Speaking to IBTimes UK on Thursday (30 November), at the Opec Ministers' Summit in Vienna, Austria, Al-Sada said: "Global oil demand remains robust. In fact, throughout the climate of low oil prices that we have seen over the last three years, demand has always been healthy in the face of oversupply."

Earlier this month, IEA's forecast - hitherto more bullish than Opec's - suddenly logged a downward revision. The agency lowered its demand estimate for next year by 200,000 barrels per day (bpd) to 98.9 million bpd.

Concurrently, its forecast for demand growth projection was also lowered by 100,000 bpd to 1.3 million bpd. "The market balance in 2018 does not look as tight as some would like, and there is not in fact a new normal capable of keeping prices above $60 per barrel," it concluded.

The downward revision came hot on the heels of Opec's more upbeat projection, as it forecast demand for its oil next year to rise by around 400,000 bpd from the previous month to 33.4 million bpd. What is described as a 'call on Opec', i.e. a direct pull on Opec-produced crudes, was also revised higher by 200,000 bpd for this year.

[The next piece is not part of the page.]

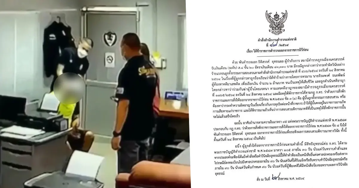 ผบ.ตร. ออกคำสั่งให้ ผู้กำกับโจ้ ออกจากราชการไว้ก่อน ระหว่างรอผลการสอบสวน หลังคลิปฉาวเรียกเงิน 2 ล้าน ก่อนใช้ถุงคลุมหัวผู้ต้องหาเสียชีวิต

Al-Sada admitted there was a clear divergence, but added that macroeconomic fundamentals pointed to steady growth in global crude demand.

"I agree with you that the divergence in market forecasts is sometimes apparent. However, forecasts, by their very nature, depend on models and parameters plugged-in to the forecasting model. While the exact numbers may not match, I think there is a good correlation between forecasts for 2018 among the various agencies."

Al-Sada said demand from emerging economies continues to underpin global oil and gas consumption, with many of his Opec peers looking at India, a major importer that recently overtook Japan to be the world's third-largest crude oil consumer after the US and China.

"India leads the pack of emerging economies posting high single-digit economic growth. Their hydrocarbon demand is increasing, and from Qatar's perspective, we are ideally placed geographically and commercially to cater to cargoes heading east.

"With New Delhi in particular, we have a very good working relationship on the natural gas front. The very first cargo of LNG to India came from Qatar and the relationship is increasing and solidifying."

The Qatari minister also said the ongoing "historic cooperation" between Opec and non-Opec oil producers, that has resulted in 1.8 million bpd of output cuts, has been a success.

Opec said inventories in developed economies fell by 23.6 million barrels in September to 2.985 billion barrels; 154 million barrels above the five-year average.

"The figure gives reason for optimism. The agreement we reached in May [to roll over production cuts] has seen a more balanced market, and this success needs to be capitalised on as I see room for more cooperation between oil producers."

Al-Sada also said it was his belief that US shale oil has been "fully absorbed and is now part and parcel of the global crude oil supply portfolio."